*WORK TASK*. No pictures, nothing altered: return the data below.

EXERCISE MATERIALS below:

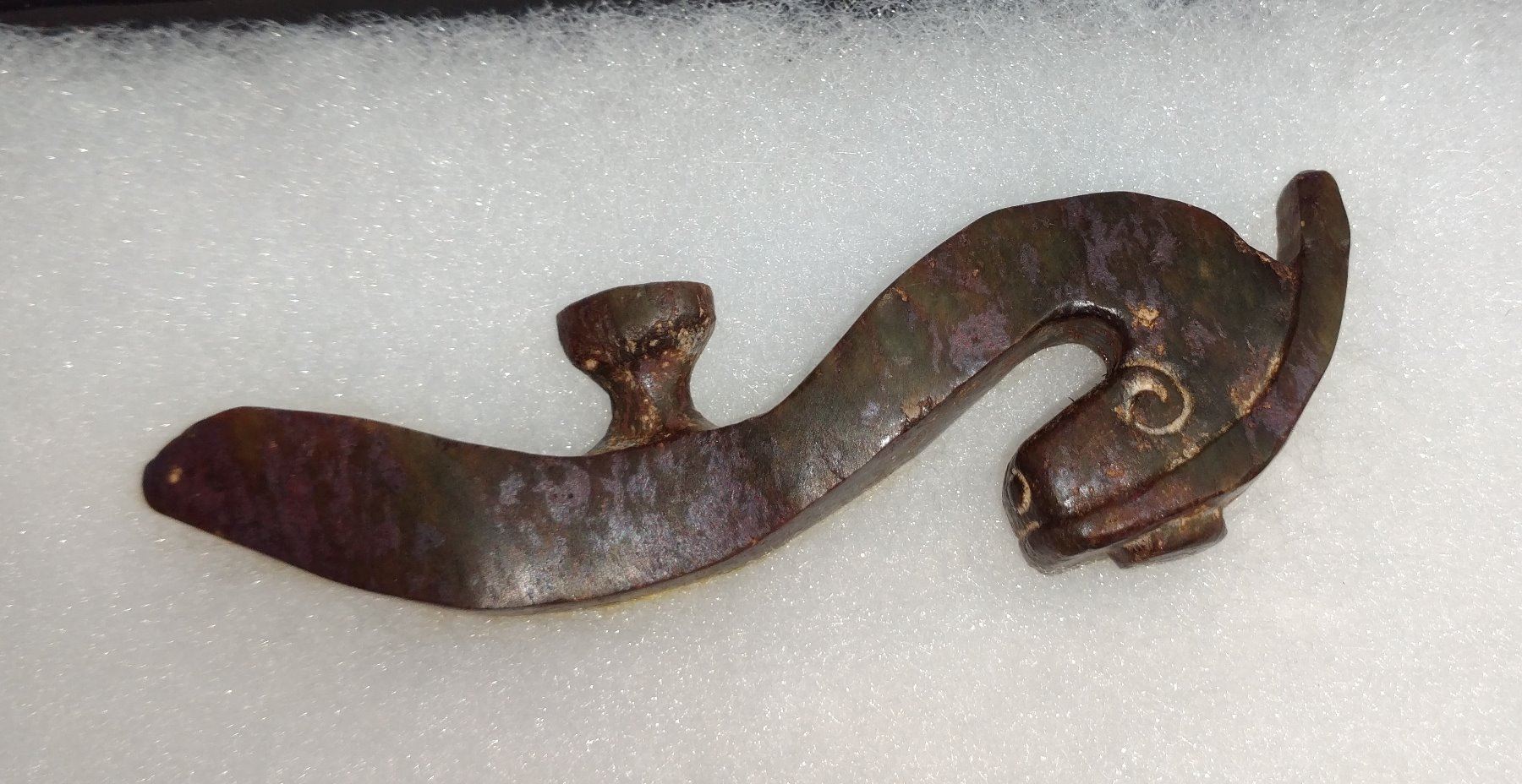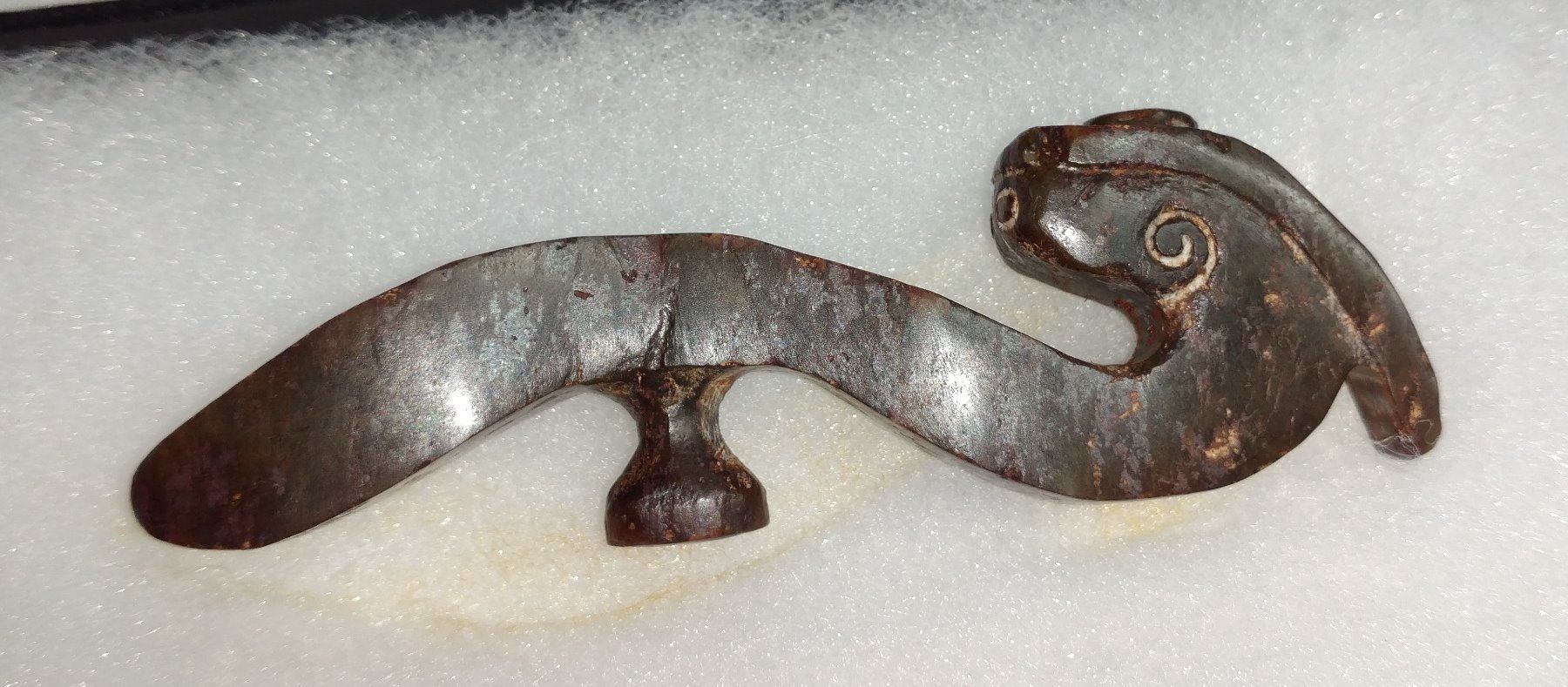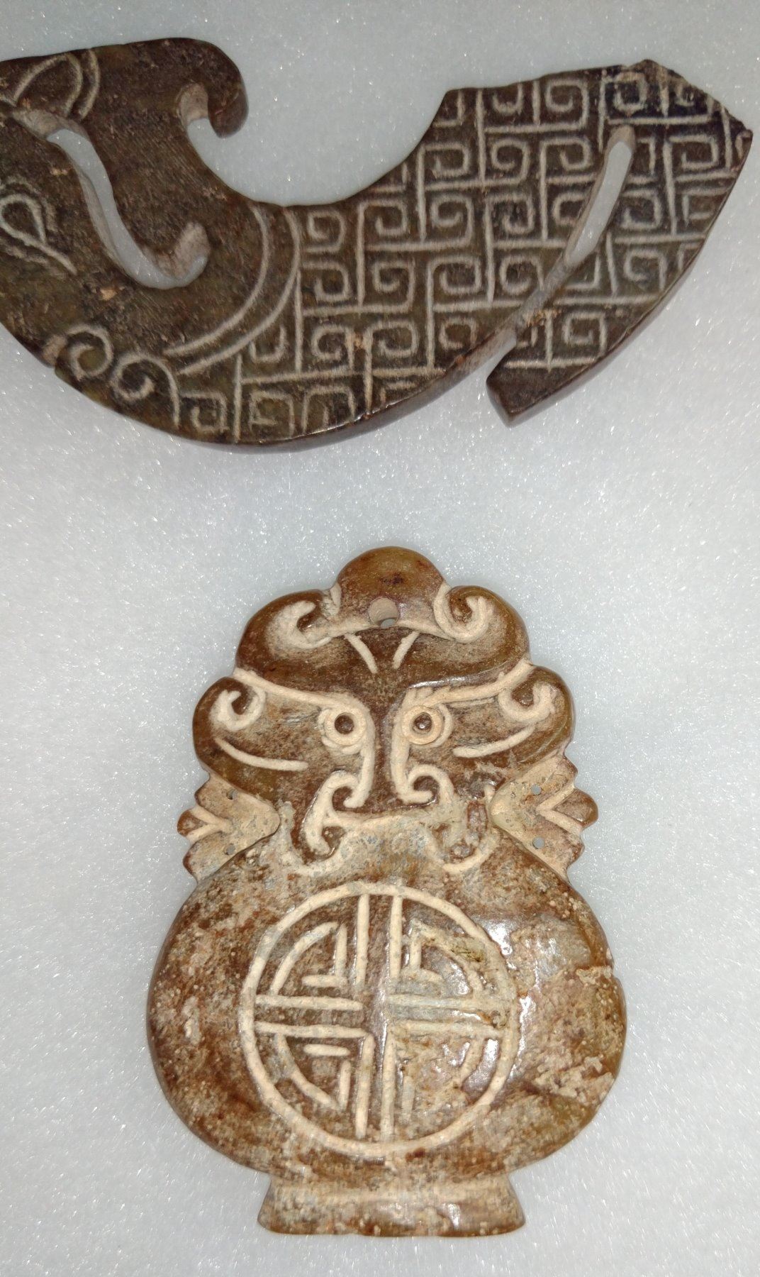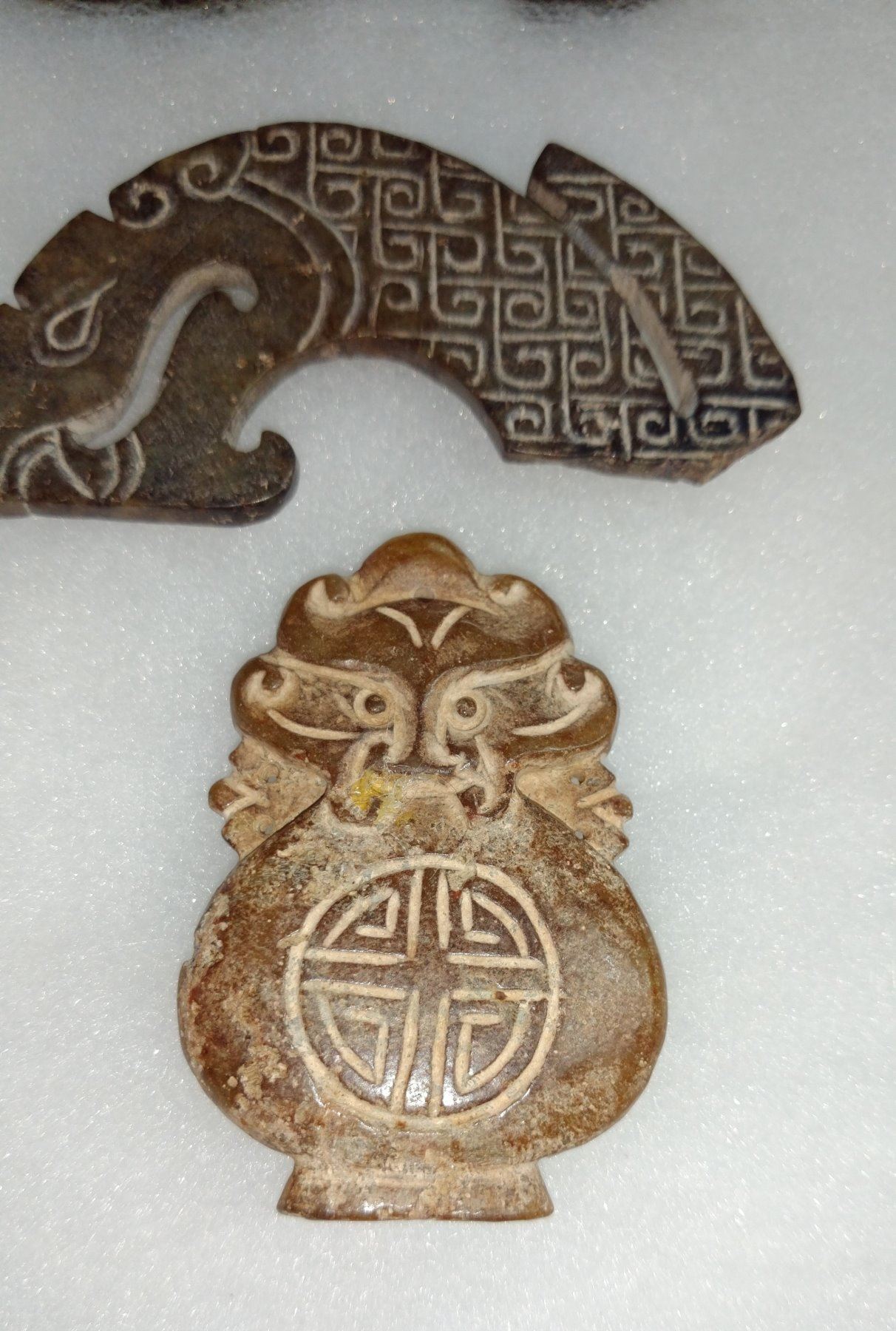 3 Chinese Relics, pre-dynastic period. Made of jade, the longest measures 3 1/2". 3 Gorges area. 1 is a belt buckle. Frame not included. Condition: Good, see images. Shipping: $18.50 w/insurance and signature.
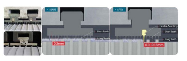 This product is a buffer & restoration structure against rotor vibration by winding spring assembled with flexible seal, and minimizes tooth damage. This product reduces steam leakage by 36% compared to existing products to improve efficiency in turbines and reduce fuel costs.
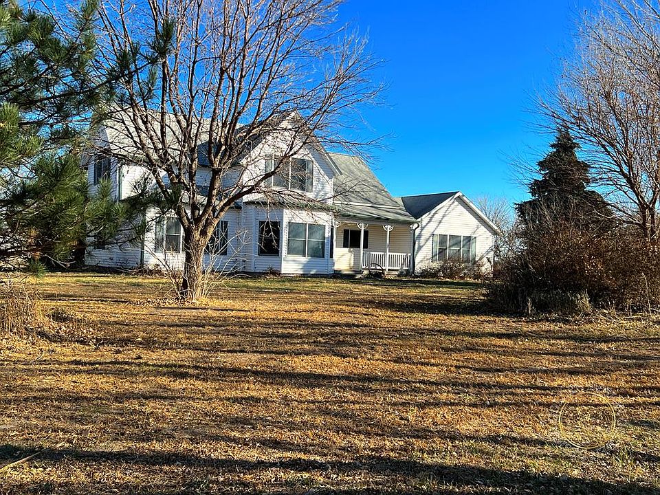 The house was moved to this location approximately 20-25 years ago. At that time it had all new electrical, plumbing, insulation, siding and more!! It features a main floor master bedroom with an office off the master. Master bath with nice walk-in closet. Huge living room. Upstairs there are two bedrooms, full bath and a play room. 36x48 metal building with 6" concrete floor. 14.25+/- acres
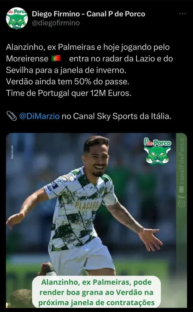 Segundo informações do jornalista Gianluca Di Marzio, o meia Alanzinho, ex-Palmeiras e atualmente no Moreirense, entrou no radar da Lazio e também do Sevilla.
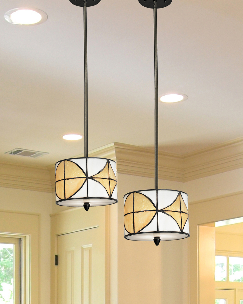 Good things do come in small packages. Our Varesa mini pendant packs a lot of power in its modest size. The circular shade’s crisp white background provides a brilliant contrast to an alternating band of bright yellow ovals and triangles. Dark eye-catching filigree between the panels and on the shade’s borders adds sharp detail to the overall design. A 60W bulb (not included) ensures ample warm light. Hung from a sleek metal canopy and support rod, Varesa not only dresses up a bar or kitchen island, but also makes a sensational spotlight over an accent table. Wherever you choose to hang it, Varesa will be an impressive addition to any decor in your home.
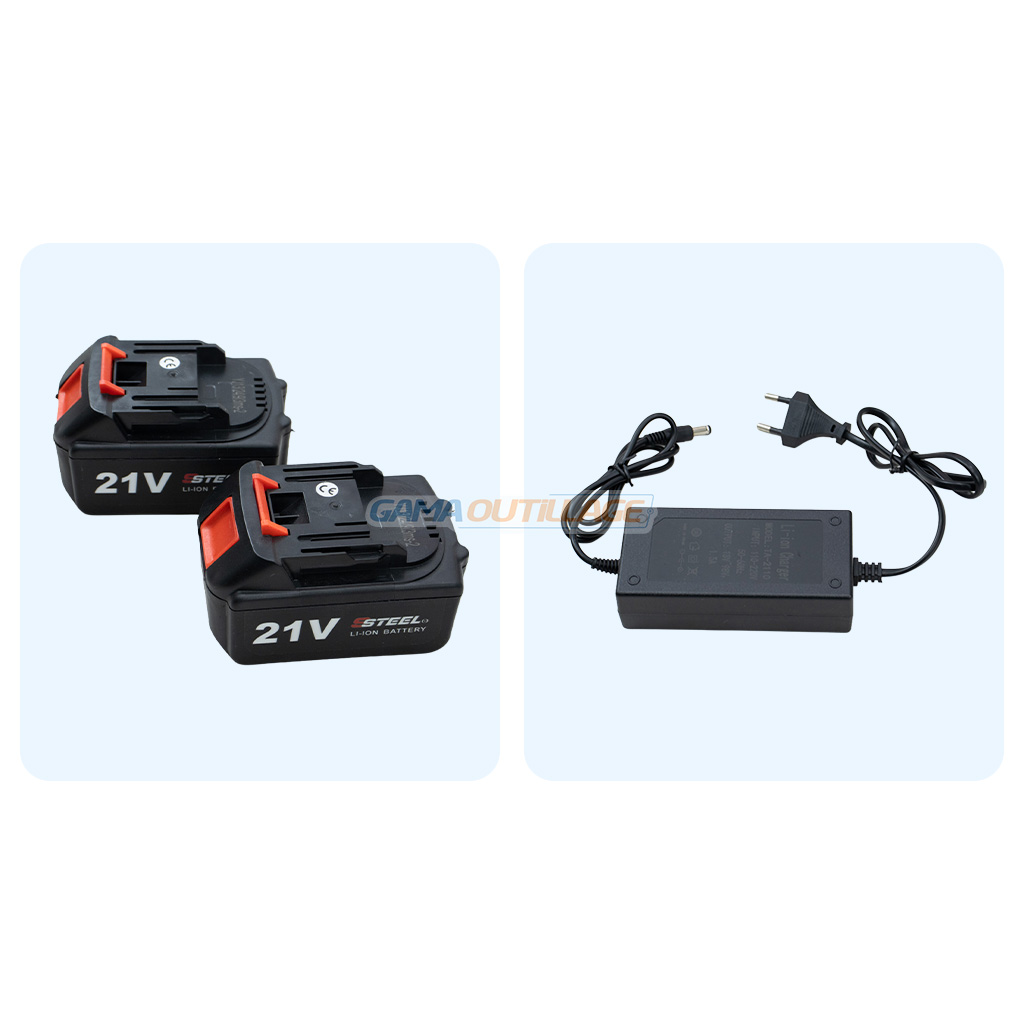 Livré en coffret rigide, le modèle 21HD-1 est fourni avec deux batteries 21V 4.0Ah et un chargeur, constituant un ensemble complet prêt à l’emploi.
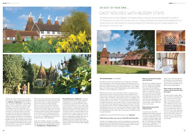 THE PERFECT WAY TO TRULY EMBRACE THE UNIQUE APPEAL OF AN OAST HOUSE AND EXPERIENCE THE BEAUTY OF THE BUILDING UP CLOSE IS BY STAYING IN ONE . ALL LOVINGLY RESTORED AND CARED FOR BY OWNERS WITH AN APPRECIATION FOR THEIR PROPERTY ’ S HERITAGE , BLOOM STAY ’ S PORTFOLIO OF OAST HOUSES PROVIDES THE OPPORTUNITY TO DO JUST THIS .
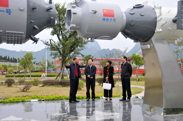 检查期间,莫锦荣副书记听取了学校领导关于校园文化建设情况的汇报,对best365官网在打造航天特色校园文化建设中所取得的各项成果表示赞许,并对相关工作的开展进行了具体指导。在学校领导及相关部门负责人陪同下,莫锦荣副书记一行先后来到学校南北校区,实地查看了best365官网航天文化体验基地的院士题词石刻、航天器模型、航天大事记石刻、桂航校训精神景观石、钱学森铜像、航天精神石刻以及航天文化回廊等。

End of EXERCISE MATERIALS.

*OUTPUT OF THE TASK*.
 3 Chinese Relics, pre-dynastic period. Made of jade, the longest measures 3 1/2". 3 Gorges area. 1 is a belt buckle. Frame not included. Condition: Good, see images. Shipping: $18.50 w/insurance and signature.
 This product is a buffer & restoration structure against rotor vibration by winding spring assembled with flexible seal, and minimizes tooth damage. This product reduces steam leakage by 36% compared to existing products to improve efficiency in turbines and reduce fuel costs.
 The house was moved to this location approximately 20-25 years ago. At that time it had all new electrical, plumbing, insulation, siding and more!! It features a main floor master bedroom with an office off the master. Master bath with nice walk-in closet. Huge living room. Upstairs there are two bedrooms, full bath and a play room. 36x48 metal building with 6" concrete floor. 14.25+/- acres
 Segundo informações do jornalista Gianluca Di Marzio, o meia Alanzinho, ex-Palmeiras e atualmente no Moreirense, entrou no radar da Lazio e também do Sevilla.
 Good things do come in small packages. Our Varesa mini pendant packs a lot of power in its modest size. The circular shade’s crisp white background provides a brilliant contrast to an alternating band of bright yellow ovals and triangles. Dark eye-catching filigree between the panels and on the shade’s borders adds sharp detail to the overall design. A 60W bulb (not included) ensures ample warm light. Hung from a sleek metal canopy and support rod, Varesa not only dresses up a bar or kitchen island, but also makes a sensational spotlight over an accent table. Wherever you choose to hang it, Varesa will be an impressive addition to any decor in your home.
 Livré en coffret rigide, le modèle 21HD-1 est fourni avec deux batteries 21V 4.0Ah et un chargeur, constituant un ensemble complet prêt à l’emploi.
 THE PERFECT WAY TO TRULY EMBRACE THE UNIQUE APPEAL OF AN OAST HOUSE AND EXPERIENCE THE BEAUTY OF THE BUILDING UP CLOSE IS BY STAYING IN ONE . ALL LOVINGLY RESTORED AND CARED FOR BY OWNERS WITH AN APPRECIATION FOR THEIR PROPERTY ’ S HERITAGE , BLOOM STAY ’ S PORTFOLIO OF OAST HOUSES PROVIDES THE OPPORTUNITY TO DO JUST THIS .
 检查期间,莫锦荣副书记听取了学校领导关于校园文化建设情况的汇报,对best365官网在打造航天特色校园文化建设中所取得的各项成果表示赞许,并对相关工作的开展进行了具体指导。在学校领导及相关部门负责人陪同下,莫锦荣副书记一行先后来到学校南北校区,实地查看了best365官网航天文化体验基地的院士题词石刻、航天器模型、航天大事记石刻、桂航校训精神景观石、钱学森铜像、航天精神石刻以及航天文化回廊等。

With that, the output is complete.